大手商社のくせに事務員の補充をなかなかしない、裏ブラック企業に務める会社員である。
(鈴本部長に何度言っても、人手まわしてくれないしさぁ)
脳裏に厳しい上司の顔が浮かぶ。まぁ、イケメンだけどさ。でも今の私にとっては、ヘルプに応えてくれない薄情な鬼上司にしか映らないのだ。
(帰ったらご飯作って、シャワー浴びて……あー、肌がベタベタする……)
頬に手を伸ばせば、連日の寝不足と疲労により悲鳴を上げている肌触りにショックを受けた。これ、ニキビもできてない?
とぼとぼとした足取りで五月の夜を歩く。
一人暮らしをしているマンションまで、もう少し。
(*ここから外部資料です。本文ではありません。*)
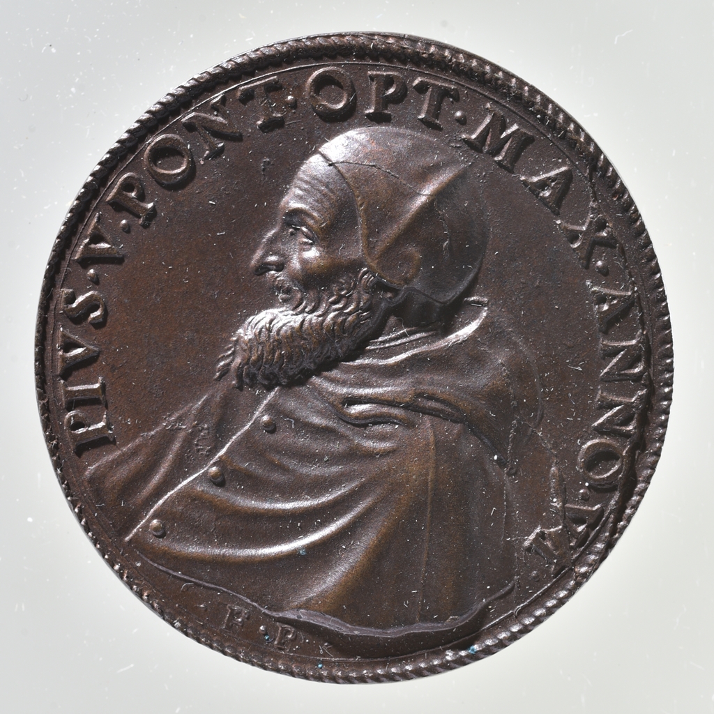 Az eredeti matricákkal a 17. században újra vert érem. Az eredetit, 1566-ban adtak ki, az Unio Christianorum (Keresztények Szövetsége) megalakulására bejelentett, rendkívüli Szentév alkalmából, amelyet a Cum gravissima bullával hirdetett ki a pápa. A szövetség létrehozásának célja volt a keresztény nemzetek összfogásának megteremtése, az Európát támadó, török hadsereggel szemben. A gyözedelmes, lepantói tengeri csata emlékére hálából alapította a Győzelmes Miasszonyunk ünnepét, melyet ma Rózsafüzér Királynője néven ismerünk. Előlap: a pápa arcképe, mocettában és camauróban, bal nézetből. Hátlap: Jézus áldást adva, fogadja a betegek, szegények, hontalanok könyörgéseit.
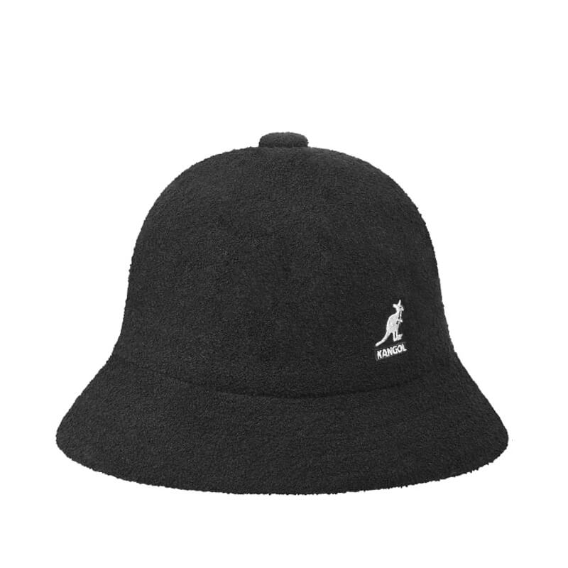 KANGOL Bermuda Casual Hat – Black: Bucket hat with bell-like shape. The Bermuda Casual is an Iconic style by Kangol. The Bermuda Casual is an original icon that’s been making an unforgettable impression on the beach and the dancefloor alike for generations. The Casual shape in Kangol proprietary textured Bermuda material is a classic Kangol® style with an embroidered kangaroo logo on the front.
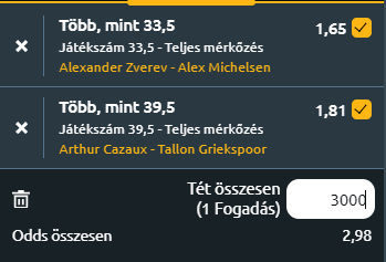 - Kis változtatásra volt szükség, mert már nincs olyan egyértelmű győzelmi-esély, amelynek a szorzója megfelelő lehetne. Ezért két overes meccset kerestem. Zverev klasszis játékos, minden borításon kiváló, a tavalyi sérülésből való visszakapaszkodás után már-már a régi önmagát idézi. De itt az AO-n mindkét eddigi meccsén veszített szettet! Michelsen pedig egyfelelől nagy tehetség és kifejezetten keménypályás menő lehet belőle. Másfelől azt a Leheckát verte meg az előző körben négy szettben, aki az AO előtt remek játékkal nyerte meg az adelaide-i tornát! Zverev mindkét eddigi ellenfelénél jobb Michelsen, így várhatóan számíthatunk minimum 34 game-re
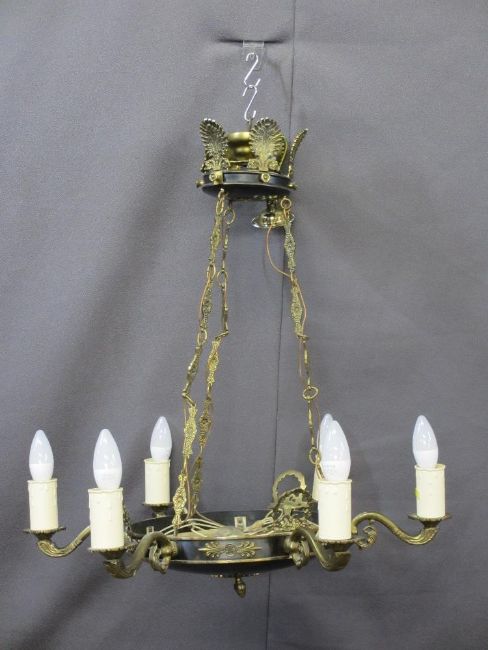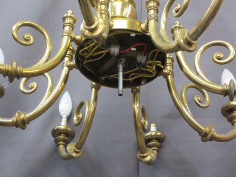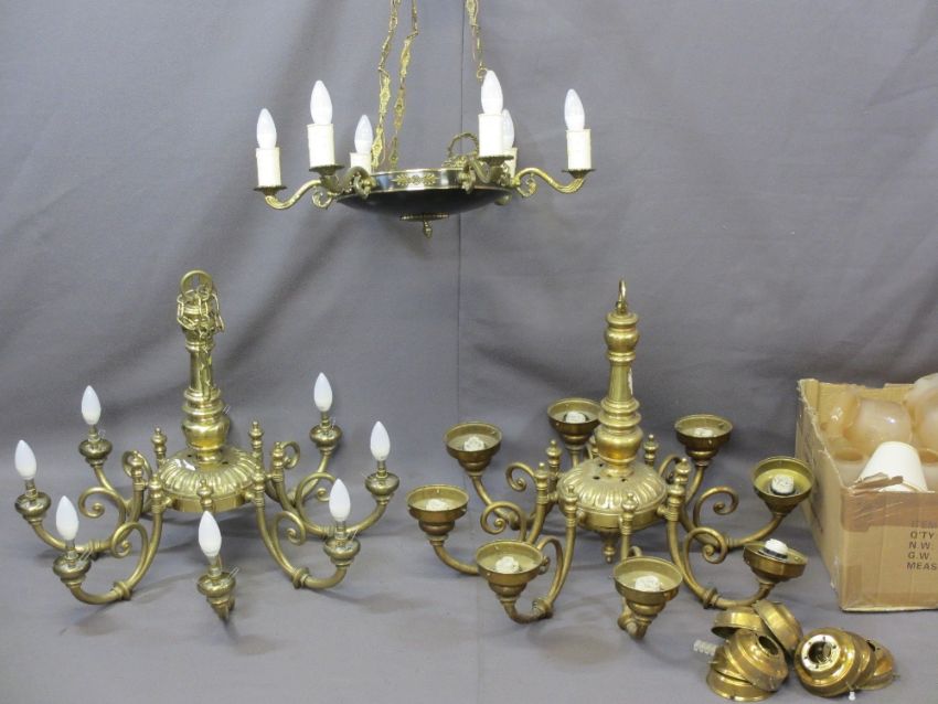 VINTAGE FRENCH STYLE CEILING CHANDELIERS (3) including a cast brass pair of eight branch with scroll detail, 58cms H, 73cms approx diameter
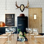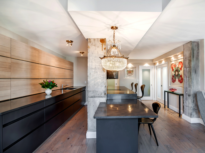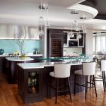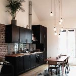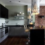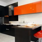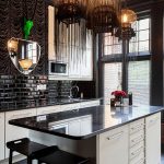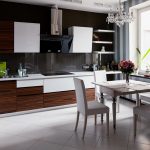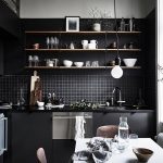 Bagaimanapun, perkara utama adalah tidak keterlaluan, kerana dengan latar belakang hitam semua warna akan kelihatan jauh lebih cerah dan lebih kaya. Oleh itu, tidak digalakkan memuatkan reka bentuk laconic dengan aksesori dan warna yang menarik. Beberapa butiran dalam bentuk cerek elektrik, pinggan mangkuk atau candelier akan mencukupi.
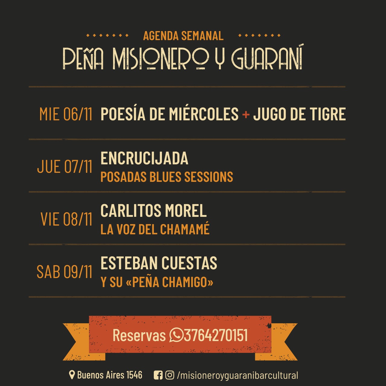 Una de las mejores voces misioneras y acompañante de grandes como Raúl Barboza y Luis Ángel Monzón llega este viernes y por primera vez a Misionero y Guaraní. La semana arranca el miércoles con Poesía de Miércoles y Jugo de Tigre como invitado especial. El jueves, una nueva Posadas Blues Session y el sábado, Esteban Cuestas y su Peña Chamigo.
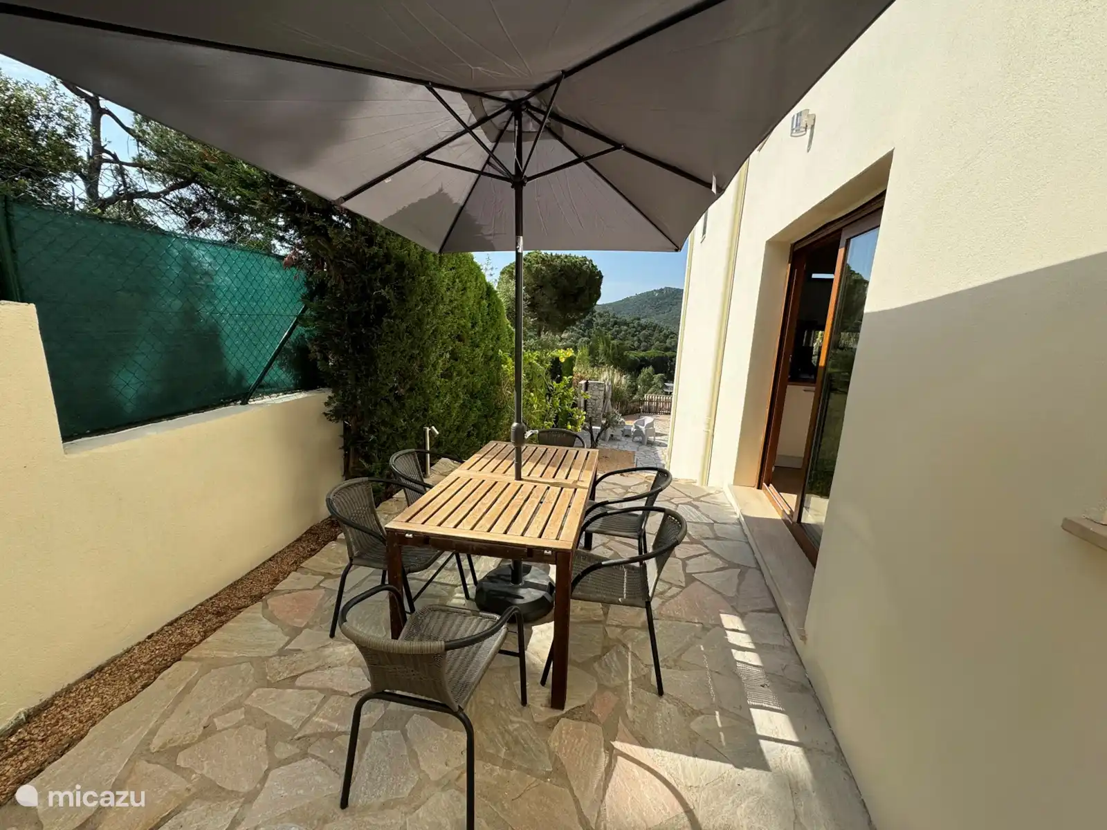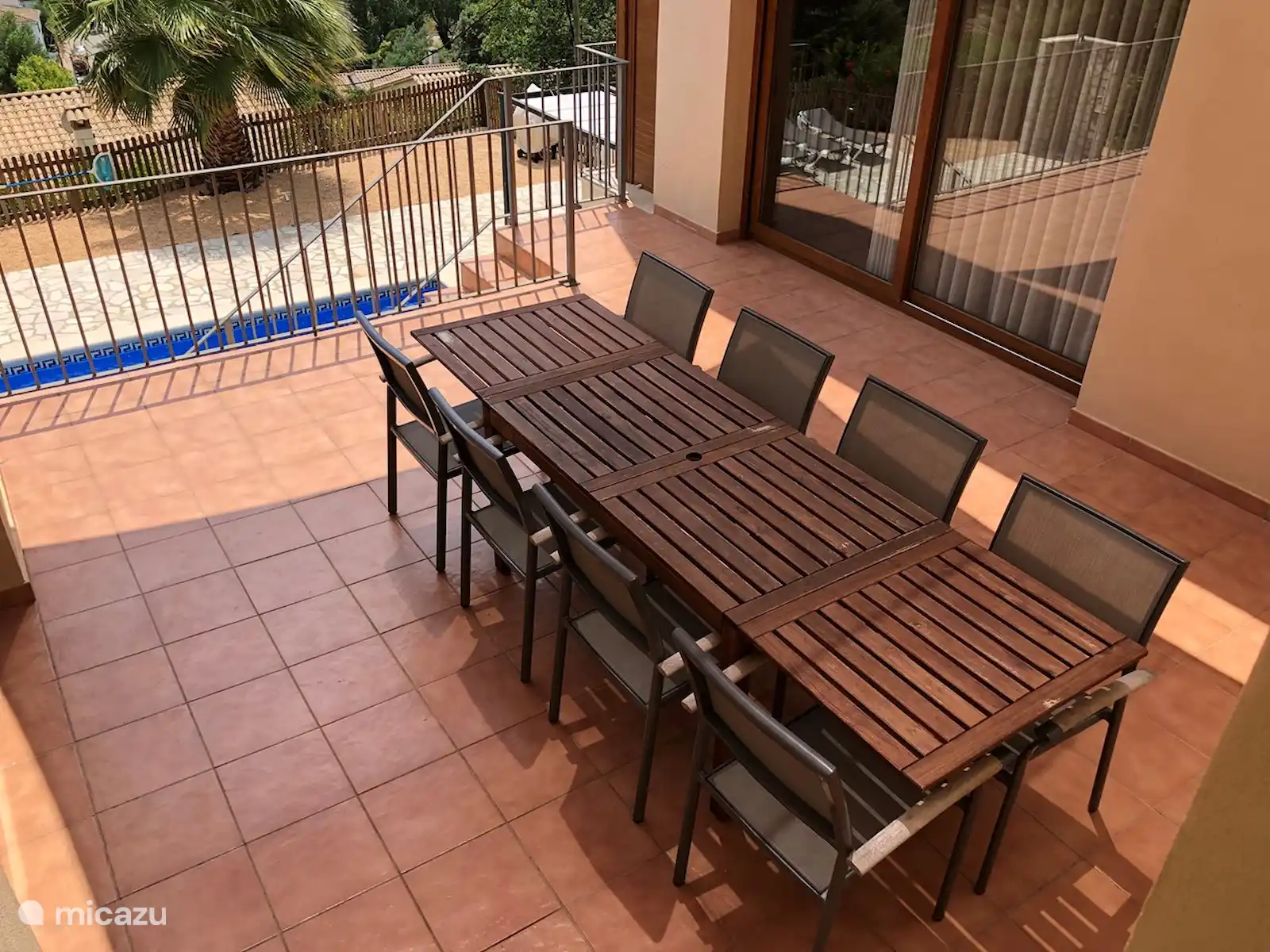 Middle terrace: between the master bedroom and the living room there is a large terrace equipped with a dining table for 8 people with a beautiful view of the mountains and the pool. The terrace is protected by a shade cloth that blocks 98% of VU light and provides the necessary coolness.
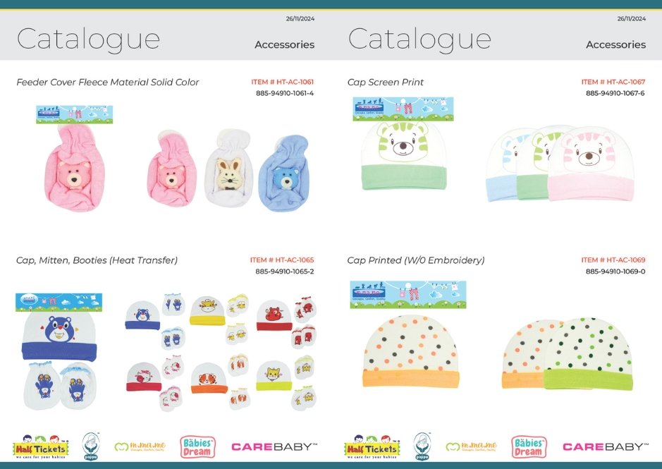 Complete your baby's outfit with our range of stylish and practical apparel accessories. From hats and booties to bibs and mittens, these accessories add the perfect finishing touch to your baby's wardrobe while keeping them comfortable and protected.
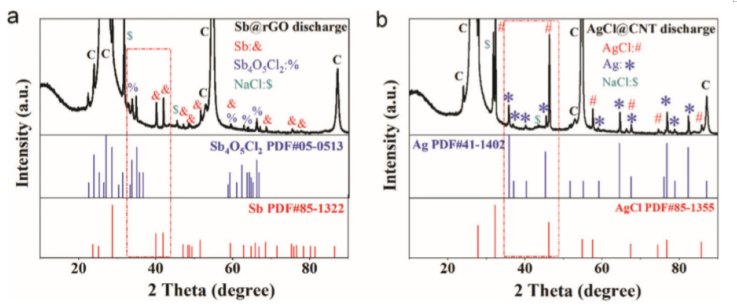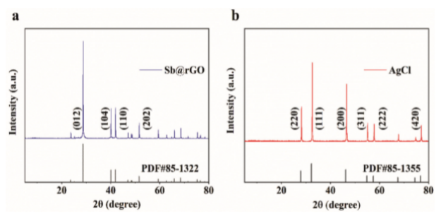 Fig. 1 (a)制備的Sb@rGO電極材料和(b) AgCl電極材料的XRD圖。

角を曲がりやや暗い小道に入った時だった。
(ん? 誰かいる……)
新月のため、外灯の灯りしかないそこに女性が一人、背を向けて立っていた。
白いワンピース。
腰にまで届きそうな長い髪。
春風に吹かれてなびく様は、柳が揺れるそれのよう……。
振り返ったその顔を見て、私は息を飲んだ。
あるべきはずのものが、何もなかったのだ。
目も、眉毛も、鼻も、口も。
しかしなぜか声だけははっきりと届き、彼女は言うのだ──。
「私……キレイ?」
と。
………………。
「いや、それって口裂け女だしっ!!」
「あっ、そうだった!!」
ガビーン! という効果音を背負ったかのように、彼女は頭を抱えて焦りだした。
なに、こののっぺらぼう……天然!?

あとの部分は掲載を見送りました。